The report in the Perthshire Advertiser gives the impression that only Garrison and Thompson spoke at length, but the Perthshire Constitutional indicates that Douglass made a significant contribution too, delivering perhaps his best-crafted critical response to the debate on slavery at the General Assembly of the Free Church of Scotland on 30 May, which he attended.2



On Saturday evening last, a meeting was held in the City Hall, to hear addresses from G. Thompson and W. L. Garrison, Esqs, and Frederick Douglass, the fugitive slave in impeachment of the conduct of the Free Church of Scotland and the Evangelical Alliance, in having given their sanction to slavery, by receiving slaveholders into Christian fellowship. Owing to this peculiar time of the week, the unfavourable state of the weather, and the occurrence of the sacramental services, the meeting was not so numerous attended as it otherwise would have been. About 500 persons, however, were present.

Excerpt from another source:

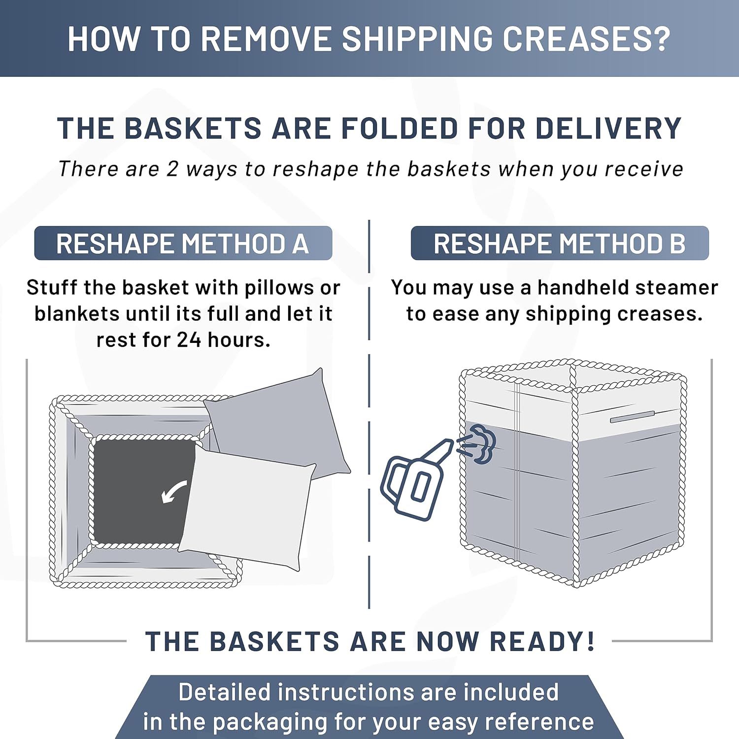 - No More Wrinkly Floppy Woven Baskets: Prepare to have your socks knocked off (and then neatly organized), when you take a peek at our woven rope basket set. No more ‘permanently’ creased up, floppy storage basket here. Thanks to our unique folding method and quality rope, shaping is easy with the instructions provided!

Mr. Taylor having been called to the chair, made a few preliminary remarks, and introduced to the meeting

Mr. F. Douglass, who, upon rising, was received with much applause. Having made a few appropriate observations in reference to the circumstances which had occurred in connection with the mission upon which he had come to Scotland since he last had an opportunity of addressing the inhabitants of Perth, he was succeeded by

Mr. W. L. Garrison, who, upon presenting himself, was greeting with the warm plaudits of the meeting. He said he was conscious of standing in the presence of men who had most powerfully assisted in the emancipation of 800,000 slaves in the British colonies, and who were opposed to slavery in every part of the world. He himself was an American abolitionist, who had been outlawed by a very large portion of his countrymen because of his love of universal liberty. Why had the people of Great Britain abolished their own colonial slavery? Because they believed it to be a crime against God, and an outrage upon man, to take away the liberty of a fellow-being.

American slavery was even still worse than British slavery. What a spectacle was presented in the year 1846; – men who began their career by proclaiming to the world that they held it to be a self-evident truth that God had made all men free and equal, and had given to every human being the inalienable right of liberty: and yet, that that people, after seventy years of national existence, should be found the possessors of 3,000,000 of slaves, reduced to the condition of things – beings bought and sold, cropped, maimed, branded, driven by the driver’s lash, and hunted by blood-hounds if they should attempt to gain their liberty by flight, and yet, with all that deep depravity, that the Americans should profess to be influenced by the Gospel of Christ, assuming to be the nation of nations, which was destined to diffuse the light of knowledge, civilization, and Christianity, throughout the whole world! (Hear.)

Oh, he (Mr Garrison) was ashmed of his native land, and of those who talked about their regard to Republicanism, and in one hand flourished their bold declaration of independence, and in the other the slave-driver’s whip. If they consented to make a man a ‘thing,’ then it was of no use talking about abuses in connection with that thing. It was of no use speaking of the guilt of taking away the Bible from a thing, of depriving it of the power of learning to read. It was folly to talk about the awful sin of taking away the institution of marriage from a piece of property. No one ever thought of marrying their shovels and tongs, chairs and tables. All the lacerations and other horrors which slavery presented to the world were but the legitimate fruits of the tree.

In consenting to make a man a slave the slaveholders and their apologists had committed the sin of sins against God, and no other sin which it was possible to commit could be added to that sin. He who struck down a human being, and placed him among four-footed beasts, was a man who, of all others, denied God, attempted to dethrone the Deity, and was the greatest Atheist in the universe.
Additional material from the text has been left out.